Chapitre 39 : in fine

Un grand et bel appartement tout blanc, où nous étions reçus dans le midi. 

Assise face à la mer : me parvenaient les clameurs et les rires des enfants,

Les miens étaient là-bas dans l’eau à s’ébrouer. 

J’étais privée de baignade, cet été-là. Je lisais la biographie d’un grand homme dont l’énergie et celle de son épouse me fascinaient. Ma vie était bien pauvrette, face aux leurs ! 


J’ai lu quelque part : 

« Si votre mission est d’être balayeur de rue, vous devez balayer les rues dans le même esprit que Michel-Ange lorsqu’il peignait ses toiles (…) Vous devez balayer les rues d’une façon tellement parfaite que chaque passant puisse dire: « Ici, c’est un grand balayeur qui a travaillé ; il a bien accompli sa tâche! » 

« Si tu ne peux être pin au sommet du coteau, sois broussaille dans la vallée, mais sois la meilleure petite broussaille au bord du ruisseau. »


Cela me rappelait Jacques, un professeur d’aquagym extraordinaire, appliqué, dynamique et drôle, qui savait faire sauter, danser, chanter et surtout rire dans le bassin des hordes de Parisiennes replètes et joyeuses. Je l’ai retrouvé avec émotion, d’une piscine à l’autre, prenant de l’âge mais toujours aussi pittoresque et tonique. 

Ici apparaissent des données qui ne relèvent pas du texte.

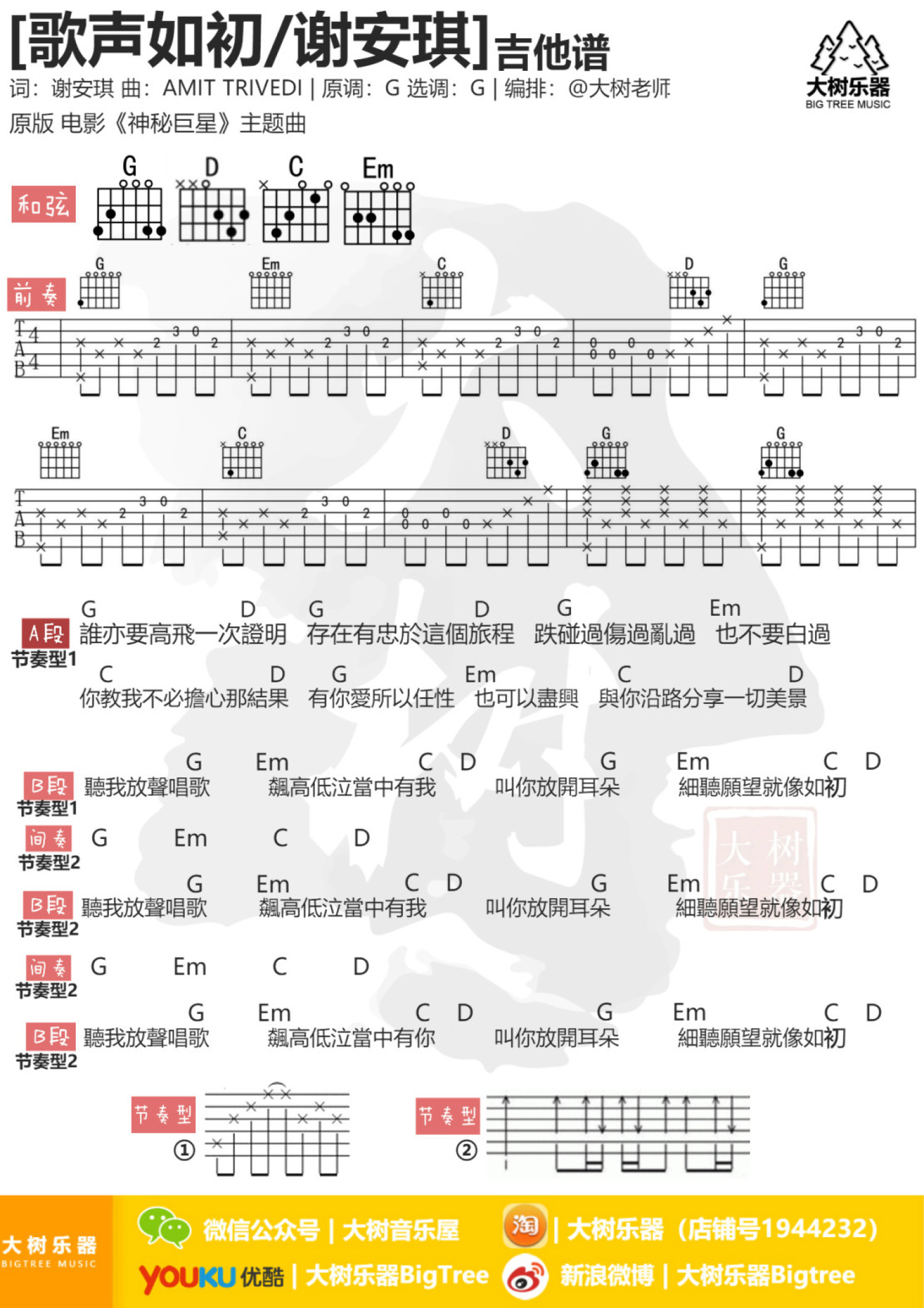 吉他弹唱G调来源:大树乐器263 浏览2021-03-26 20:54发布图谱共1页

(Si, dans son style, quelqu’un  montait un cours de danse disco pour remonter le moral des troupes de cancéreuses, ce serait un énorme progrès. J’ai rêvé de pouvoir me déhancher sur du Boney M musique à fond plutôt que de lever péniblement ma cuisse lors de monotones séances d’abdo-fessiers.) 

Je me remémorais aussi des discours de départ en retraite en l’honneur de certains professeurs qui consacrent leur vie, modestement, à leurs élèves. 

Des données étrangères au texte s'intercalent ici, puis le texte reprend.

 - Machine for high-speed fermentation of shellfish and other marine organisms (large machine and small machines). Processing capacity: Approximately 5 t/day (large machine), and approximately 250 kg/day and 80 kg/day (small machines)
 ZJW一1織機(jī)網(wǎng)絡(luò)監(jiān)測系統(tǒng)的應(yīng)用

Je repris le chemin de l’école, quelques mois plus tard. Parmi les marques d’affection et d’amitié, quelques traces d’indifférence. Retrouver ma place, tandis que l’on m’assurait que ma remplaçante avait été formidable... Partager à nouveau les tables de la cantine et les conversations ordinaires. 

Dans la même journée, alterner les cours parmi les élèves aux visages riants, et les rendez-vous médicaux, dans ce lieu infernal que j’ai déjà suffisamment décrit. 

Il n’était désormais plus question qu’on m’épuise à la tâche. Que l’on me fasse fonctionner comme une fonctionnaire. 


Tempus fugit, le temps a passé.

Je suis descendue, récemment, dans le couloir de la radiothérapie et j’ai constaté avec 

joie que je ne savais plus où se trouvaient les toilettes. 


Ce même jour, j’y ai providentiellement croisé une connaissance, en début de parcours, l’air désespéré, que j’ai pu rassurer. Une nouvelle amie du gang. Une nouvelle à qui offrir un peu d’eau de Lourdes : son baptême pour entrer dans le réseau des conseils et des amitiés. 

Demain, à nouveau, je reprendrai le chemin des écoliers. En ayant eu, cette fois, mon comptant de baignades estivales. Riche, si riche ! De tout ce que j’ai vécu, pendant, et depuis ce temps-là. 

Deo gratias.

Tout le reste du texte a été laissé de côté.